Stored data

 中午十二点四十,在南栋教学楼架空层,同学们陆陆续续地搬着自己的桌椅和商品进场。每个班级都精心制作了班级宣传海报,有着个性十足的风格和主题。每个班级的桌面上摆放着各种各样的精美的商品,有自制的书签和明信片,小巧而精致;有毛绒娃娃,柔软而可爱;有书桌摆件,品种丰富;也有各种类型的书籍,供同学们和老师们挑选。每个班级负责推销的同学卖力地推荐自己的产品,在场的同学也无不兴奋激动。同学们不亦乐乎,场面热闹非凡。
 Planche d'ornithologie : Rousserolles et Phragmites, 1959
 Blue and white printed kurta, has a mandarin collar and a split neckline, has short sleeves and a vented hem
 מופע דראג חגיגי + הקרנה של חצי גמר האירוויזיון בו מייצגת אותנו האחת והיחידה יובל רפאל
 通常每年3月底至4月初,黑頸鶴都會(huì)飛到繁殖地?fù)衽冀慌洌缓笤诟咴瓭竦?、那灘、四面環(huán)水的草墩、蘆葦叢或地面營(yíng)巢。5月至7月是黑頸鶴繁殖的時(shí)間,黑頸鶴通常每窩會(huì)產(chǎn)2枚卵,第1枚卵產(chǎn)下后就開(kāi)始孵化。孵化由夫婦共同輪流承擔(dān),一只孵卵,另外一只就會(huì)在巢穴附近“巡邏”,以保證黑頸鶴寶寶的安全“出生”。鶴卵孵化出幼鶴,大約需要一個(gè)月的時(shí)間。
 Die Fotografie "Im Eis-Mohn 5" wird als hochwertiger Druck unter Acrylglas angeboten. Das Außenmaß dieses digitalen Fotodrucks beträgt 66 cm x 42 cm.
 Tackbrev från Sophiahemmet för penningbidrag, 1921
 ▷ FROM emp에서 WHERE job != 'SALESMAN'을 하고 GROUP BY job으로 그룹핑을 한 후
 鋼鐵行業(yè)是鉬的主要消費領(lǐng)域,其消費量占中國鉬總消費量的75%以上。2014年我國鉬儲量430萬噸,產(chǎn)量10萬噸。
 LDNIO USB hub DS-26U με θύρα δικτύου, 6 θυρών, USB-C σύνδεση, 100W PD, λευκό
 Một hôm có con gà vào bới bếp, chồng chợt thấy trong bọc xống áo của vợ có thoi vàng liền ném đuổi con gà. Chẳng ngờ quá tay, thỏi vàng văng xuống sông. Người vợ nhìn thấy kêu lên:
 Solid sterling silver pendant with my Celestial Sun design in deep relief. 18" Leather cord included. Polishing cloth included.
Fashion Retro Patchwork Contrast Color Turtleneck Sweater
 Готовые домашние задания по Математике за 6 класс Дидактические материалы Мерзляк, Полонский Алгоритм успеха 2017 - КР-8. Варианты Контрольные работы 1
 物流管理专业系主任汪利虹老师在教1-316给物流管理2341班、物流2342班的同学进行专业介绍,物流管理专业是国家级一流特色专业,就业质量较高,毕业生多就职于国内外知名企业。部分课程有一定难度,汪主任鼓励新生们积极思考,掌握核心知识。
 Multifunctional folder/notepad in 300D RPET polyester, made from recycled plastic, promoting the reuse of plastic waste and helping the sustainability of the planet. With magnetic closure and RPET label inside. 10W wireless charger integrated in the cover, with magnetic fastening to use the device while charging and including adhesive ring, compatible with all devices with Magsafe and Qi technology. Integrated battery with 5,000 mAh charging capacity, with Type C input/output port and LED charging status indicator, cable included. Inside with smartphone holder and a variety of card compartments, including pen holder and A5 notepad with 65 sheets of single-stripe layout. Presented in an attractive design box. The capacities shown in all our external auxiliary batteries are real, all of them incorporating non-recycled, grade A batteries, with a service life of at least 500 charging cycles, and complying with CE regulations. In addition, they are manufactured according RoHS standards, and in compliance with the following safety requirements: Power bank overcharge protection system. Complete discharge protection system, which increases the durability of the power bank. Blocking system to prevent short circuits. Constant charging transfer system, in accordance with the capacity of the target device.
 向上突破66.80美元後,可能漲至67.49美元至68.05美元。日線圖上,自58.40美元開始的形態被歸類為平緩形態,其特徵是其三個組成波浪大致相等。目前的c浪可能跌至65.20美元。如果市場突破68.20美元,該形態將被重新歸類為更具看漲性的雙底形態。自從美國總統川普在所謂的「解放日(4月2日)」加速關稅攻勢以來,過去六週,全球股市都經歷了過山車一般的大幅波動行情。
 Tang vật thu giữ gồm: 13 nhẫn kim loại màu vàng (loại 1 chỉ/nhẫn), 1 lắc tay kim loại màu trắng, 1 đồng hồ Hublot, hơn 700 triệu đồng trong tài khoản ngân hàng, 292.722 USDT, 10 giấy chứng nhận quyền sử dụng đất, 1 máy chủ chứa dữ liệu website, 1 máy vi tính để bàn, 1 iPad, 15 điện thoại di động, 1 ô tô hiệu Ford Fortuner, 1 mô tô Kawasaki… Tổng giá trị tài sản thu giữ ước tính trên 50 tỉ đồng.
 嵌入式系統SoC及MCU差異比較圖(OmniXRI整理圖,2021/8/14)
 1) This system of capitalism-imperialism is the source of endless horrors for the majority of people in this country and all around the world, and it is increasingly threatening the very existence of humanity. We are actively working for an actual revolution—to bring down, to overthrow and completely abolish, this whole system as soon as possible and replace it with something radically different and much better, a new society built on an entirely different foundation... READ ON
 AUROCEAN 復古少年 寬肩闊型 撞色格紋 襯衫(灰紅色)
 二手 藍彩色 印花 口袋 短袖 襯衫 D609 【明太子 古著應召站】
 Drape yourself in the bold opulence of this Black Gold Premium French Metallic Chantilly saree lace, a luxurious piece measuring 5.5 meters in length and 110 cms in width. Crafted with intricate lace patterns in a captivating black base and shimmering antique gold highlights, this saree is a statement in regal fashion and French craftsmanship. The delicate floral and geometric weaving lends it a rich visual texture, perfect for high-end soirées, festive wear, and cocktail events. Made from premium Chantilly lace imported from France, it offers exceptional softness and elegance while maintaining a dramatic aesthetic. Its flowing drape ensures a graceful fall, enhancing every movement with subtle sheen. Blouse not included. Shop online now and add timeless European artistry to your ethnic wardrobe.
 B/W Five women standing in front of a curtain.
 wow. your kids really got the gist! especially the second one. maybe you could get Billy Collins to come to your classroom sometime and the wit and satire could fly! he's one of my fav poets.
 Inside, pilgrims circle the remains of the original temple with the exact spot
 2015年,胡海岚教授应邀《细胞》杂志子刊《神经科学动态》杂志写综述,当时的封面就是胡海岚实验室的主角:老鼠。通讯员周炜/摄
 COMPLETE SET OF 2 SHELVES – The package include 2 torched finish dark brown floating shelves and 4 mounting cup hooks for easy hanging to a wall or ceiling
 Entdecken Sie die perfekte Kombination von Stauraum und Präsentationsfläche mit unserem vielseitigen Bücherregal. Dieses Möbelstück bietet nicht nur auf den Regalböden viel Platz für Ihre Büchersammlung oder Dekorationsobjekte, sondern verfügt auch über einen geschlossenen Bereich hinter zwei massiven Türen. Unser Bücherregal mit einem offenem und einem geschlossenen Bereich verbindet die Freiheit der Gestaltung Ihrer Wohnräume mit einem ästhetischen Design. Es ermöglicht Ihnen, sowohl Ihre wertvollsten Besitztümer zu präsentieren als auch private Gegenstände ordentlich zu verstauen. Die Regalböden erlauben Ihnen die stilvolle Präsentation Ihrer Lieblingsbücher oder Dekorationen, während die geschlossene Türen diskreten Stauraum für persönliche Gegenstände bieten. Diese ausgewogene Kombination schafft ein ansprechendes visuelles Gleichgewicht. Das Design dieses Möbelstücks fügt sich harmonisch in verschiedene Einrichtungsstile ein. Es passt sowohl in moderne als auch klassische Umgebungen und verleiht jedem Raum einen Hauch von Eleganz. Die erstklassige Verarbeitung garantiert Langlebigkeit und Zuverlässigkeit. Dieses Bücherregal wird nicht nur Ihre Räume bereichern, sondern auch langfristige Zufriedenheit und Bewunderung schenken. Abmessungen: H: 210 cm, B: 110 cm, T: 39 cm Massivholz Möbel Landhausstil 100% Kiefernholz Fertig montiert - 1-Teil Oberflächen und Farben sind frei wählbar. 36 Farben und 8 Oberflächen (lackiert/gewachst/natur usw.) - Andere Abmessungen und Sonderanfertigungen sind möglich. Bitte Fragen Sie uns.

* Try it *
Copy out only the lines of the records above from the one with "二手 藍彩色 印花 口袋 短袖 襯衫 D609 【明太子 古著應召站】" through the one with "COMPLETE SET OF", exactly as they stand, both included.

* Output below *
 二手 藍彩色 印花 口袋 短袖 襯衫 D609 【明太子 古著應召站】
 Drape yourself in the bold opulence of this Black Gold Premium French Metallic Chantilly saree lace, a luxurious piece measuring 5.5 meters in length and 110 cms in width. Crafted with intricate lace patterns in a captivating black base and shimmering antique gold highlights, this saree is a statement in regal fashion and French craftsmanship. The delicate floral and geometric weaving lends it a rich visual texture, perfect for high-end soirées, festive wear, and cocktail events. Made from premium Chantilly lace imported from France, it offers exceptional softness and elegance while maintaining a dramatic aesthetic. Its flowing drape ensures a graceful fall, enhancing every movement with subtle sheen. Blouse not included. Shop online now and add timeless European artistry to your ethnic wardrobe.
 B/W Five women standing in front of a curtain.
 wow. your kids really got the gist! especially the second one. maybe you could get Billy Collins to come to your classroom sometime and the wit and satire could fly! he's one of my fav poets.
 Inside, pilgrims circle the remains of the original temple with the exact spot
 2015年,胡海岚教授应邀《细胞》杂志子刊《神经科学动态》杂志写综述,当时的封面就是胡海岚实验室的主角:老鼠。通讯员周炜/摄
 COMPLETE SET OF 2 SHELVES – The package include 2 torched finish dark brown floating shelves and 4 mounting cup hooks for easy hanging to a wall or ceiling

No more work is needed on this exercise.